Multipurpose Internet Mail Extensions (MIME) is a standard that extends the format of email messages to support text in character sets other than ASCII, as well as attachments of audio, video, images, and application programs. Message bodies may consist of multiple parts, and header information may be specified in non-ASCII character sets. Email messages with MIME formatting are typically transmitted with standard protocols, such as the Simple Mail Transfer Protocol (SMTP), the Post Office Protocol (POP), and the Internet Message Access Protocol (IMAP).
MIME is an Internet standard. It is specified in a series of requests for comments: RFC 2045 , RFC 2046 , RFC 2047 , RFC 4288 , RFC 4289 and RFC 2049 . The integration with SMTP email is specified in RFC 1521 and RFC 1522 .

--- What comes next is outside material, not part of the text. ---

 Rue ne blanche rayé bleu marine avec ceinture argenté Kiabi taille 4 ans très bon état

Although the MIME formalism was designed mainly for SMTP, its content types are also important in other communication protocols. In the HyperText Transfer Protocol (HTTP) for the World Wide Web, servers insert a MIME header field at the beginning of any Web transmission. Clients use the content type or media type header to select an appropriate viewer application for the type of data indicated.
MIME originated from the Andrew Messaging System, which was part of Andrew Project developed at Carnegie Mellon University (CMU), as a cross-platform alternative to the Andrew-specific data format. [1]

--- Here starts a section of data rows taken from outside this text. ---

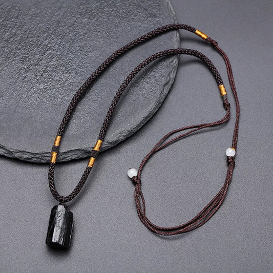 Buddha Stones Natural Black Tourmaline Positive Rope Necklace Pendant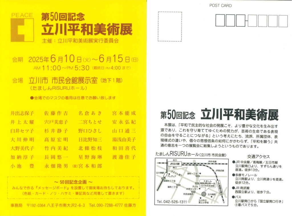2025/06/06 【第50回記念立川平和美術展】 本展は「平和を願う」共通の意志を一つの展覧会に結集しようというものであります。 50回記念企画「メッセージボード」あり。 ・6月10日(火)~15日(日) ・11時~17時半(最終日16時まで) ・立川市市民会館展示室(地下1階) ・立川平和美術展実行委員会主催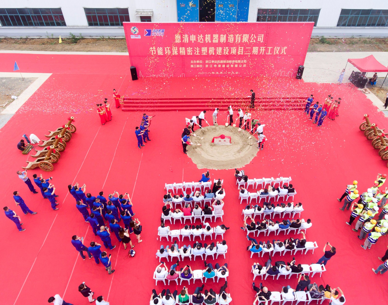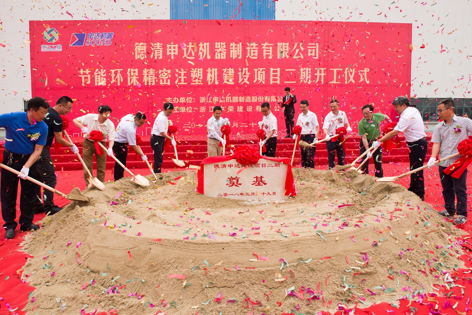 莫干山高新區(qū)管委會(huì)各職能部門負(fù)責(zé)人,集團(tuán)公司各企業(yè)各部門主要負(fù)責(zé)人,申達(dá)公司干部員工及經(jīng)銷商、供應(yīng)商、大客戶、銀行金融機(jī)構(gòu)、施工單位、監(jiān)理單位代表等共約140余人參加開工儀式。
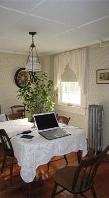 This is a gem... in village antique updated cozy cozy , 7 room colonial ,,wide pine floors , lots of charm and all.. come see the fantastic rear yard and friendly front old time porch just waiting for your furn and rockers for summer nights .. updates are: furnace steam oil, elec, circuit breaker panel, vinyl clad insulated windows, natural kit. cabinets. oil tank , great beamed family room has chimney brick wall set for wood burner .stove or pellet stove.. presently uses wood stove..

The presence of this header field indicates the message is MIME-formatted. The value is typically "1.0". The field appears as follows:
MIME-Version: 1.0
According to MIME co-creator Nathaniel Borenstein, the version number was introduced to permit changes to the MIME protocol in subsequent versions. However, Borenstein admitted short-comings in the specification that hindered the implementation of this feature: "We did not adequately specify how to handle a future MIME version. ... So if you write something that knows 1.0, what should you do if you encounter 2.0 or 1.1? I sort of thought it was obvious but it turned out everyone implemented that in different ways. And the result is that it would be just about impossible for the Internet to ever define a 2.0 or a 1.1." [2]

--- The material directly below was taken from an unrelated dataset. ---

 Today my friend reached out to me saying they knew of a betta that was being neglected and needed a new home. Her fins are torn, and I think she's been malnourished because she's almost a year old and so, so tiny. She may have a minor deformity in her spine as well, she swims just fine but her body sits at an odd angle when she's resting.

This header field indicates the media type of the message content, consisting of a type and subtype, for example
Content-Type: text/plain
Through the use of the multipart type, MIME allows mail messages to have parts arranged in a tree structure where the leaf nodes are any non-multipart content type and the non-leaf nodes are any of a variety of multipart types. This mechanism supports (non-exhaustively):
The original MIME specifications only described the structure of mail messages. They did not address the issue of presentation styles. The content-disposition header field was added in RFC 2183 to specify the presentation style. A MIME part can have:
In addition to the presentation style, the field Content-Disposition also provides parameters for specifying the name of the file, the creation date and modification date, which can be used by the reader's mail user agent to store the attachment.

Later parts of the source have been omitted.